Он отошел на шаг, оказался рядом с входной дверью. Протянул руку. Ей показалось, что в его руке появился приклад ружья.
Карабин лежал у нее на колене, она нажала на спуск. Легко, как это оказалось легко. Она выстрелила в пустоту. Просто, чтобы напугать. Она привыкла, что у ружья бывает отдача. Жорж показал ей, как смягчить удар, надо одну ногу выставить вперед, вторую поставить назад, тело гибко изогнуто, дыхание приостановлено. Слова Жоржа всплывали в сознании. Словно его взгляд устремился на нее, взбадривал ее. «Они не справятся с тобой, малышка, ни за что не справятся».

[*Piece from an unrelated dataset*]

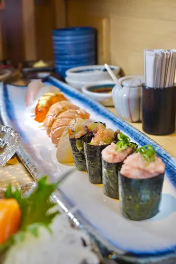 今日同朋友係中環食咗呢間壽司放題🚶🏻♀️佢個location 都方便,香港站E1出穿過中環街市,望住cotton on 嘅右手邊一入就會見到間餐廳,8-10分鐘內到,而且唔駛上斜又算近地鐵站非常好 !! 我地今次嚟食佢嘅HKD499 放題🤤🔥職員會同我地簡單介紹下落單方法另外呢度嘅壽司喺製作過程中會加入少量wasabi, 如果平時唔食wasabi嘅朋友記得提職員 remark~ 佢嘅wasabi 唔會太攻🤍👨🏻🍳🤳🏻8件豪華壽司拼盤❤️🔥嗌499 放題會先上一個豪華壽司盤,有8件壽司有549放題先包任食嘅大拖羅壽司❤️🔥海膽壽司三文魚籽壽司❤️另外包括鯖魚壽司鰻魚壽司❤️三文魚腩壽司油甘魚壽司油甘魚腩壽司❤️呢個盤好高質,大拖羅入口即溶好有油脂香,唔洗點豉油都ok~仲有我鍾意嘅三文魚籽, 食落鮮甜唔腥( ´▽`)其餘嘅壽司味道都非常唔錯,全部都夠肥美食得出係新鮮處理,應油則油🤤個握飯做得唔錯,唔會散開,北海道產嘅米都幾好食~ 🌾呢個拼盤質素喺其他香港餐廳食應該都要最少200up ,絕對唔係是但塞飽你,所以499 放題會包呢個盤好唔錯🔥之後就到放題部分,👨🏻🍳🤳🏻清酒煮蜆 ❤️🔥(encored)本身有啲驚佢酒味會苦,但呢個做得勁好飲 !! 入口溫暖舒服, 唔苦,會有超淡清酒味,幾啱我胃口~ 👨🏻🍳🤳🏻壽司&刺身火炙帶子❤️🔥(encored) 火炙三文魚三文魚腩❤️油甘魚腩 ❤️🔥(encored)吞拿魚日本帶子❤️三文魚刺身甜蝦刺身overall 壽司刺身都好好食,全部都新鮮,魚肉厚薄大小適中,上台速度快每次最多每人嗌10件,佢會一條長碟咁上晒啲壽司,幾有睇頭之餘我角得都放便積員上台同清理幾好(ㅅ´˘`)♡大推薦 火炙帶子 !! ✨🥹 輕炙過入口暖暖地,帶子肉超級肥美新鮮🥹 💯油甘魚、三文魚同三文魚腩都好食,胃口大嘅不妨encore 呢幾樣~👨🏻🍳🤳🏻吉列炸生蠔炸得幾好食,配檸檬唔會太乾同埋會開胃啲🍋我鍾意佢唔會太大粒,反正放題可以再嗌,大細適中唔會好快就飽👍🏻🤳🏻麵豉湯有蔬菜同紫菜,飲落好香唔太咸好舒服✨👨🏻🍳🤳🏻茶碗蒸蛋好嫩滑有淡蛋香,大大粒香菇喺面,個底仲有其他配菜😚👨🏻🍳🤳🏻蕨餅&日本滑芝士蛋糕全部都係one-bite zise, 蕨餅煙煙靱靱,cheesecake 香滑creamy! 🤍兩樣都好食✨我地呢晚weekday 嚟到7 8 成滿食之前仲睇點解人地可以食咁多,到我自己食嘅時候發覺我都好似可以😂😂,最後本身想encore 多少少,但近排個胃比較敏感,都係8分飽就忍住停手 (好想試鯛魚湯拉麵我地其實算食得少,覺得中環算方便嘅地段,而且有呢個質素,都值得一試~ bookmarked 以後有特別日子都想再嚟🥹👍🏻

Она увидела, как он покачнулся, держась за правую коленку.
С ужасом поглядел на нее. Склонился над коленкой, пощупал ее. Он не верил происходящему. Поднял голову. Он даже не упал. Можно было вообще подумать, что шум не имел никакого отношения к выстрелу, что это где-то ветер сломал сухой ствол дерева. Она почувствовала, что мир вокруг делается зыбким, плывущим. Но продолжала стоять, направляя ствол карабина на Тюрке.

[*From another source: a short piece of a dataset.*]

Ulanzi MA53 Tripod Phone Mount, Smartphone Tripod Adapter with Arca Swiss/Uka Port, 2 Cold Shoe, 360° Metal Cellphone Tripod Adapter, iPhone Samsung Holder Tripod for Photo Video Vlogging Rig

Он сделал шаг вперед, чтобы убедиться, что еще может ходить.
Она выстрелила снова.
Но на этот раз она целилась во вторую коленку.
И он наконец упал.
Стелла по-прежнему не двигалась с места. Ствол карабина она направила в землю. Она подумала: жаль, что у него только две коленки. А то она только вошла во вкус.
Он пополз по направлению к ней, гримасничая и ругаясь: «Шлюха! Грязная девка! Говнюха! Да я тебя раздавлю, ты заплатишь за это, сука, гадина поганая!»

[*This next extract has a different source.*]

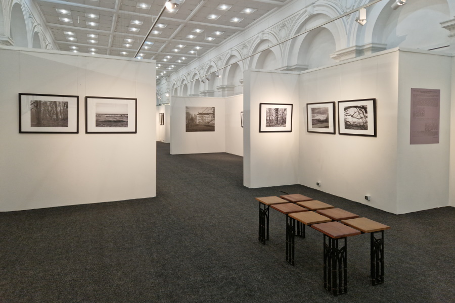 Открывают выставку произведения калининградского фотохудожника Александра Матвеева: «Работая над проектом, я думал о его стилистике, визуальном языке: хотелось сделать строгие монументальные пейзажи, поработать с солнечным светом. Я снимал на рассвете или ближе к вечеру, чтобы поймать золотистый косой свет. Среди многолетних дубов и заросших аллей — кадры, как заигрывание с вечностью. Момент пойман на пленку, негатив можно взять в руки — всё осязаемо», — говорит Александр Матвеев, который представляет серию «Грюнхофская элегия».
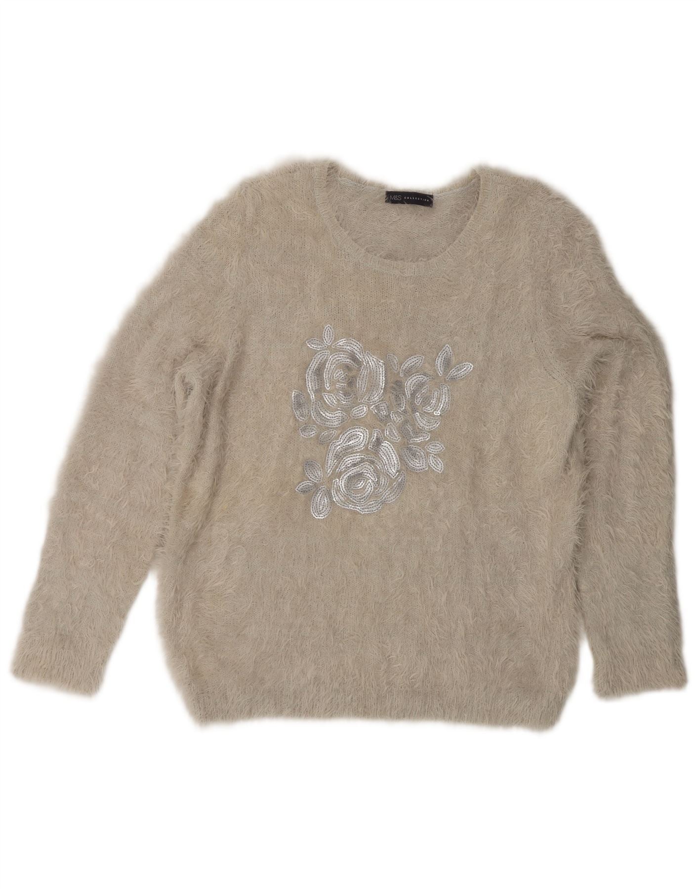 Marks & Spencer Damen-Pullover mit U-Boot-Ausschnitt, Gr. 42, Größe L, Grau, Blumenmuster

Она не испытывала никаких эмоций.
Ни о чем не думала.
Или нет, она подумала: одним негодяем меньше.
И у нее появилась новая идея.
* * *Нужно с кем-то поговорить.
Было одиннадцать часов.
Жюли заваривала себе на кухне травяной чай. Телевизор был включен. На подносе с сыром расплавленный камамбер медленно стекал на клеенку.
– Ну? – возбужденно спросила Жюли.
– Я прострелила ему коленки. Обе.
– Ч-черт!
– Как-то само собой получилось. Ну, по крайней мере, в первый раз. Потому что во второй…
– Он мертв?
– Не думаю. Вряд ли.
– Но он, должно быть, потерял много крови.
– Наложит себе жгуты.
– Ну еще надо, чтобы он дополз до дома.
– Это точно.
Они переглянулись. Ни одна не выглядела напуганной.
– Ты сваришь мне кофе? – спросила Стелла. – Карабин я оставила в машине.
– Это не страшно. Тебе крепкий?
– Да.
– А комбинезон? – спросила Жюли. – Его надо сжечь.
– Ты уверена?
– Несомненно.
– Я пойду схожу за ним.
– Сожжем его в котельной. Чтобы наверняка.
Жюли посмотрела на часы.
– Так, сейчас одиннадцать пятнадцать, в полдвенадцатого посмотрим выпуск новостей, сможем рассказать, о чем там говорилось. Скажем, что ты провела вечер у меня, мы делали новую работу по рукоделию для нашей мастерской… Я достану кусочки ткани, ножницы, иголки. Покажу тебе последнюю вещь, которую я сделала. Ты можешь о ней рассказать. А в случае, если…
– Все это надо будет говорить. Если нас об этом спросят. Но возможно, этого не произойдет. Алиби просто не понадобится.